Cosmas of Maiuma, also called Cosmas Hagiopolites ("of the Holy City"), Cosmas of Jerusalem, Cosmas the Melodist, or Cosmas the Poet (d. 773 or 794), was a bishop and an important hymnographer in the East. He is venerated as a saint by the Eastern Orthodox Church and the Catholic Church.

==Life==
Cosmas (Κοσμάς) was born in Damascus, modern-day Syria, but he was orphaned at a young age. He was adopted by Sergius, the father of John of Damascus (c. 676 – 749), and became John's foster-brother. The teacher of the two boys was an elderly Calabrian monk, also named Cosmas (known as "Cosmas the Monk" to distinguish him), who had been freed from slavery to the Saracens by John's father. John and Cosmas went from Damascus to Jerusalem, where both became monks in the lavra-type monastery of Sabbas the Sanctified near that city. Together they helped defend the Church against the heresy of iconoclasm.

Cosmas left the monastery in 743 when he was appointed Bishop of Maiuma, the port of ancient Gaza. He outlived John by many years and died in great old age.

==Works==
As a learned prose-author, Cosmas wrote commentaries, or scholia, on the poems of Gregory of Nazianzus.
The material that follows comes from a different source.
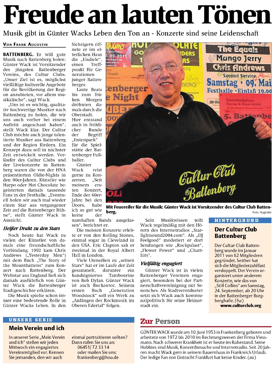 Portrait Günter Wack (HNA - Wir im Verein) vom 21.09.2011

He is regarded with great admiration as a poet. Cosmas and John of Damascus are considered to be the best representatives of the later Greek classical hymnography, the most characteristic examples of which are the artistic liturgical chants known as "canons". They worked together on developing the Octoechos.

In the Eastern Orthodox Church, Cosmas has been called "a vessel of divine grace" and "the glory of the Church." He composed the solemn canons for Matins of Lazarus Saturday, Palm Sunday, the Triodes (canons with only three Canticles) which are chanted during Holy Week, the first canon of the Nativity (based on a Nativity sermon by Gregory the Theologian), and is known for his finest work, "Canon for Christmas Day". Altogether, fourteen canons are attributed to him in the liturgical books of the Orthodox Church. His most well-known composition is "More honourable than the cherubim…" (which is included in the Axion Estin), sung regularly at Matins, the Divine Liturgy and other services.
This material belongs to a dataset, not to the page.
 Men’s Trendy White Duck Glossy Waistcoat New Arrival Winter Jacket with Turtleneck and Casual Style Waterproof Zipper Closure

The hymns of Cosmas were originally intended for the Divine Services of the Church of Jerusalem, but through the influence of Constantinople their use became universal in the Orthodox Church. It is not certain, however, that all the hymns ascribed to Cosmas in the liturgical books were really his compositions, especially as his teacher of the same name was also a hymn writer.

The Eastern Orthodox Church observes his feast on October 12 (Julian Calendar, it is October 25 of the Gregorian Calendar) and in Greek Church on October 14 (Julian, it is October 27).

== See also ==
- Saints Cosmas and Damian, 3rd-century martyrs

==Bibliography==
- Collections of hymns, varying in number, are attributed to Cosmas, and may be found in Jacques-Paul Migne, Patrologia Graecae (P.G.), XCVIII, 459-524, and in Christ-Paranikas, Anthologia graeca carminum christianorum (Leipzig, 1871), 161-204.
- For the above-mentioned scholia on the poems of Gregory of Nazianzus, see Cardinal Angelo Mai, Spicilegium Romanum, II, Pt. II, 1-375, and Migne, P.G., XXXVIII, 339-679.
- In general, see Krumbacher, Gesch. der byzantinischen Literatur (2d ed., Munich, 1896), 674 sqq.
- Alexander P. Kazhdan - Stephen Gero, “Kosmas of Jerusalem: a more critical approach to his biography,” Byzantinische Zeitschrift 82 (1989), pp. 122–132.